Referent teacher: Pierre KESTENER
This course is for anyone wishing to learn about writing HPC parallel code for running across a variety of hardware architecture, and achieving performance portability using a modern C++ library (Kokkos).
- Be an employee of a European company; a certificate from the employer is required
- Have at least 5 years of high education or Master 2 trainee
- Knowledge of C++ language
- Some knowledge of parallel programing: multithreading and/or OpenMP basics
- Interest for HPC application development
- The training can take place in French or English depending on the audience, level B2 of the CEFR is required.
In order to verify that the prerequisites are satisfied, the following questionnaires must be completed. You need to get at least 75% of correct answers in order to be authorized to follow this training session. If you don’t succeed it, your subscription will not be validated. You only have two chances to complete it.
Questionnaire : https://forms.gle/HZwCM9Jbt2bM8LT
Deadline for registration: 15 days before the starting date of each training
Before signing up, you may wish to report us any particular constraints (schedules, health, unavailability…) at the following e-mail address : firstname.lastname@example.org
This training course, financed as part of the European EuroCC2 project, is free of charge and reserved for employees of European Union member companies. It normally costs 1360 € excluding VAT.
However, your registration is subject to the payment of a deposit of 200 €. This sum will be returned to you at the end of the course if your participation has been effective. If not, it will be retained as compensation for the prejudice caused by leaving people unnecessarily on the waiting list.
December, Monday 11, from 2pm to 5pm
- Refresher on hardware architecture basics (CPU / GPU), on performance measurements (memory bandwidth, FLOPs), all that is needed to understand the difficulty of writing portable and performant code. Practical exercise.

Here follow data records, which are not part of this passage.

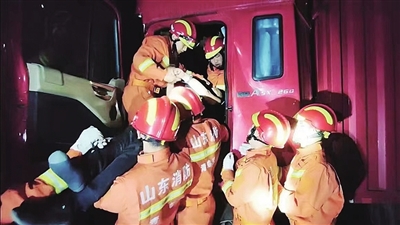 随后,救援人员又对半挂车前挡风玻璃破拆,将困在副驾驶一侧的两人救出,并移交给120医护人员。经过及时救治,四人并没有生命危险。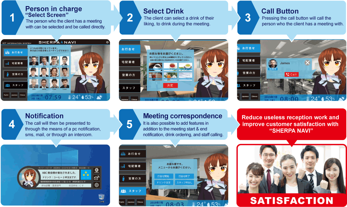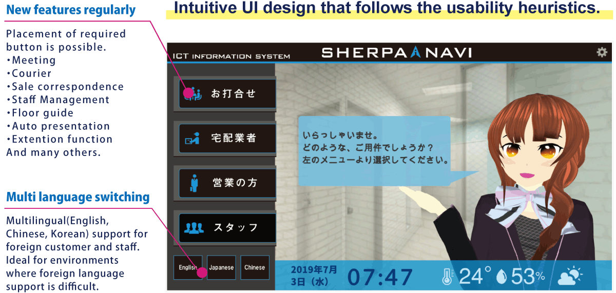Hospitality reception and guidance system "SHERPA NAVI" Features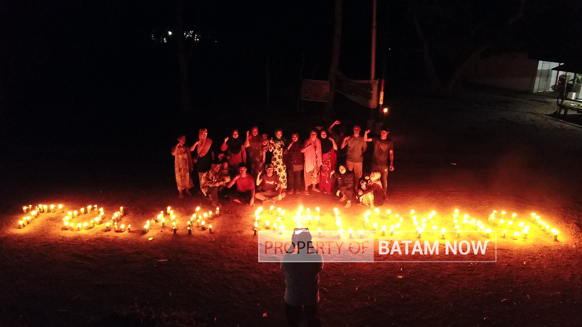 Di salah satu titik, warga menyusun pelita yang menyala di atas tanah membentuk frasa “TOLAK RELOKASI”.

- General introduction to Kokkos c++ library, its origin, overview of concepts and software abstractions: abstract machine model (hCst/device), the kokkos parallel programing model
- Examples of production codes using c++/kokkos
- Pratical exercise: how to build and install Kokkos C++ library, for using CPU OpenMP backend and GPU/CUDA backend; how to chose compiler, how to integrate Kokkos in a Cmake based project; how to write a modulefile to simplify the use of the library.
December, Tuesday 12, from 2pm to 5pm
- Writing C++/Kokkos computing kernels: parallel programing patterns: for loops, reduce loops, scan loops.
- Overview of execution space and memory space concepts : why do we need them, how to use them. Concepts of execution policy
- Using hardware-aware data containers : multidimensional arrays (Kokkos::View) and hash maps (Kokkos::UnorderedMap)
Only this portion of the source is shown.